Commits compared to the last release (v2021.09.17) are listed here.

Breaking changes

Opstrace now requires you to set up your own (free tier) Auth0 integration. We have also decided to not support the magic *.opstrace.io DNS names through our DNS reconfiguration service anymore.

Hence, the following Opstrace install-time configuration parameters are now required:

  • custom_dns_name
  • custom_auth0_client_id
  • custom_auth0_domain

The custom Auth0 integration is rather easy to set up. Accompanying this release, we have prepared a detailed guide for you: Opstrace with a custom Auth0 integration.

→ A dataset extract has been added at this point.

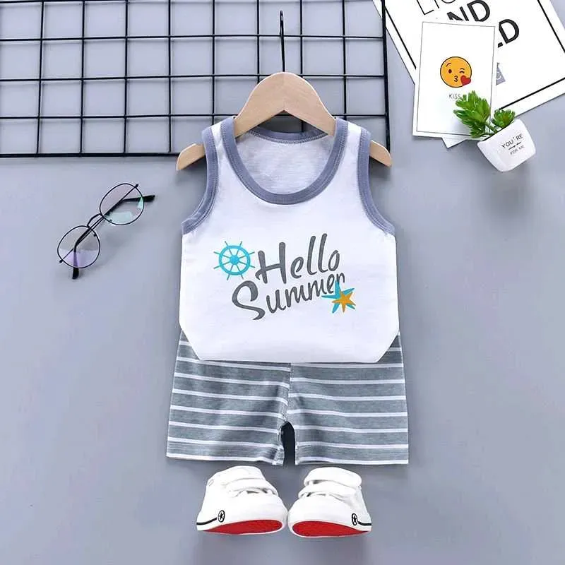 Conjunto ideal para el verano que incluye una camiseta y shorts a rayas para bebés de 9-12 meses. Esta ropa es perfecta para mantener fresco y cómodo a tu pequeño durante los días calurosos. ¡Haz que luzca a la moda con este conjunto de verano en El Salvador!
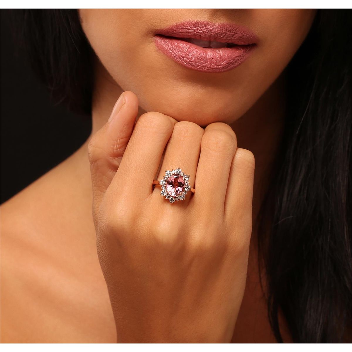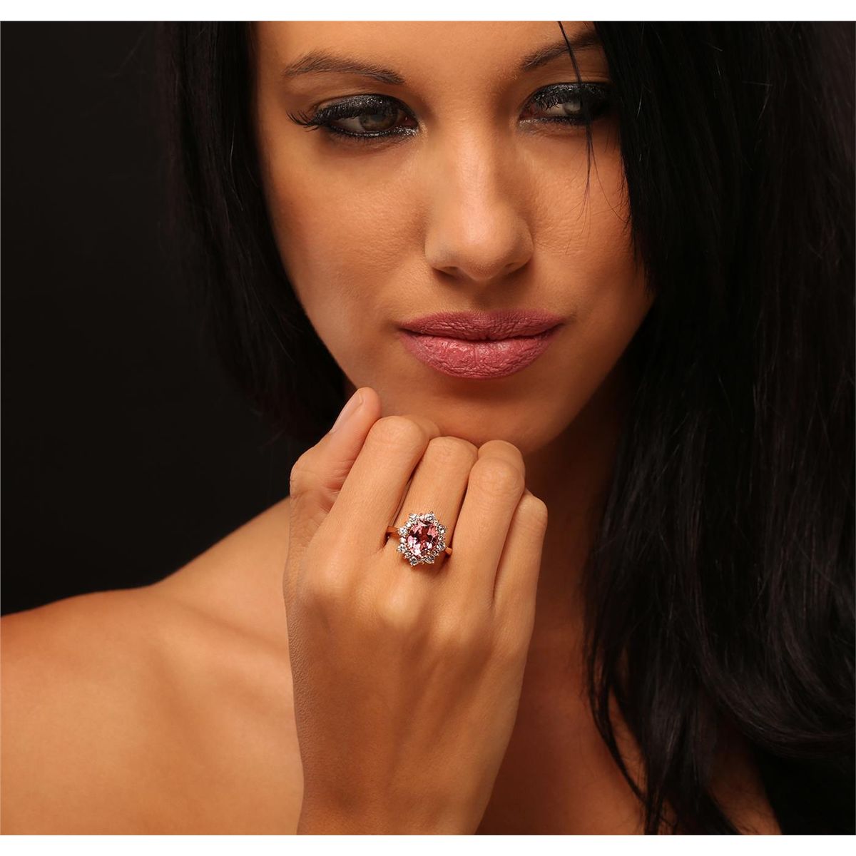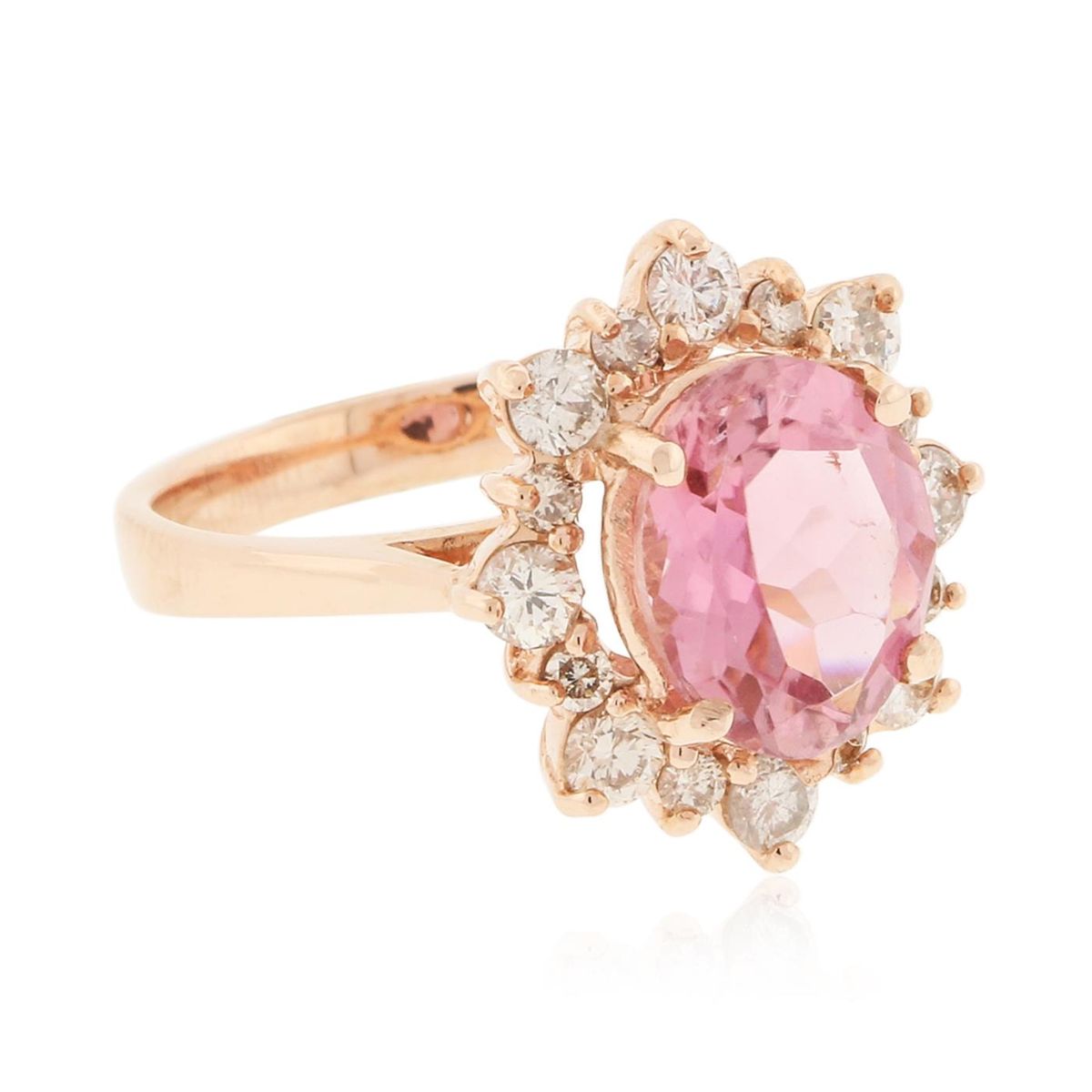 One electronically tested 14KT rose gold Ladies combination cast & assembled ring with a bright polish finish. Condition is new. Identified with markings of "K14". Containing: One prong set oval modified brilliant cut natural pink tourmaline, measuring 10.00 x 8.20 x 4.80mm, approximate weight of 2.51ct., clarity is eye clean, type II, medium light, moderately strong, reddish purple color, (GIA rP 4/4), cut is very good. Colored gemstones are presumed to have been subjected to commonly used color/clarity enhancement processes. Eight prong set round brilliant cut diamonds, measuring 2.30 - 2.30 x 1.38mm (depth est.) approximate. Total Weight of 8 Stones = 0.36ct. Clarity: SI-2 to I-1. Color: J - K, Cut is Good. Eight prong set round brilliant cut diamonds, measuring 1.50 - 1.50 x 0.90mm (depth est.) approximate. Total Weight of 8 Stones = 0.10ct. Clarity: I-1. Color: J - K, Cut is Good. Total Weight of Colored Stones 2.51ct. Total Weight of Diamonds 0.45ct. Total Weight of Ring 4.70 grams. GGL Appraised at $3,285.00.

For documentation about the custom_dns_name parameter we'd like to direct you to the configuration reference.

Component versions bumps

Other changes

  • We have started to rewrite 5xx HTTP errors emitted by Cortex into non-retryable errors to allow larger-scale systems to recover from downtime. This is a significant change that demands discussion. Also see #1410 and #1409.
  • We updated a number of library dependencies across all components to address a variety of CVE scanner warnings.

Opstrace v2021.09.17

17 Sep 13:27
Compare
Choose a tag to compare

The full set of commits compared to the last release (v2021.08.13) is listed here.

What's new

  • We added an Integration for monitoring an external CockroachDB instance (#1321).
  • We started instrumenting the Opstrace controller software with Prometheus metrics (#1322) and added a corresponding dashboard (#1356).

Component versions bumps

Fixed and improved

Core:

  • We fixed a regression introduced in the last release as of which the Loki WebSocket endpoint for live-tailing logs was not available anymore (#1329). We also added a corresponding regression test.
  • We fixed a Loki query response latency regression on AWS by setting the EC2 instance option HttpPutResponseHopLimit from 1 (default) to 2. This is now done as part of the initial create, but also as part of upgrade. Note that the change applied during an upgrade does not persist when an EC2 instance is lost unexpectedly. At the heart of the issue was the aws-go-sdk taking around one minute for obtaining security credentials from the EC2 instance metadata service. It spent most of that time hopelessly retrying against a firewalling technique introduced in version 2 of the EC2 Instance Metadata Service. The full story is exciting and can be read in #1382. The debugging effort was motivated by an unstable test.
  • The custom Auth0 integration is now (hopefully) functional, via introduction of a new custom_auth0_domain install-time parameter (#1380, #1175).
  • A generic Kubernetes StatefulSet readiness check was improved for addressing an upgrade issue (#1296, #1294).
  • We tweaked the GRPC config used for Loki and Cortex components to reduce the likelihood for a ENHANCE_YOUR_CALM, debug data: too_many_pings error (#1362).
  • A number of system-internal alerts were tweaked (#1311, #1366, #1374, and others).
  • We started changing the approach for issuing per-tenant TLS certificates to allow for easier state changes after the initial creation (#1371, #923).

CLI:

  • opstrace create
    • GCP: the set of service connections is now logged before and after creation for enhanced debuggability (#1287).
  • opstrace destroy
    • GCP: the region to destroy in can now be specified via --region (#1291). Note that multi-region support for GCP is not yet properly tested.
    • GCP: global address teardown has been consolidated (#1320, #976).

UI:

  • Error handling improvements landed for:
    • login: better auto-healing of short transient issues around the flow-concluding HTTP POST request via the introduction of purpose-optimized retrying parameters (#1280).
    • authentication state inspection: the interaction with /_/auth/status is now more robust via a change in tooling and retrying parameters (#1282).
    • installing and uninstalling an Integration (#1295, #1209).
    • managing users and tenants (#1325, #1333, #1364, #1365, #1375, and others).
    • the YAML document download feature (#1324).
    • dark mode configuration (#1384).
  • The Cortex ingest URL on the Getting Started page was fixed (#1397).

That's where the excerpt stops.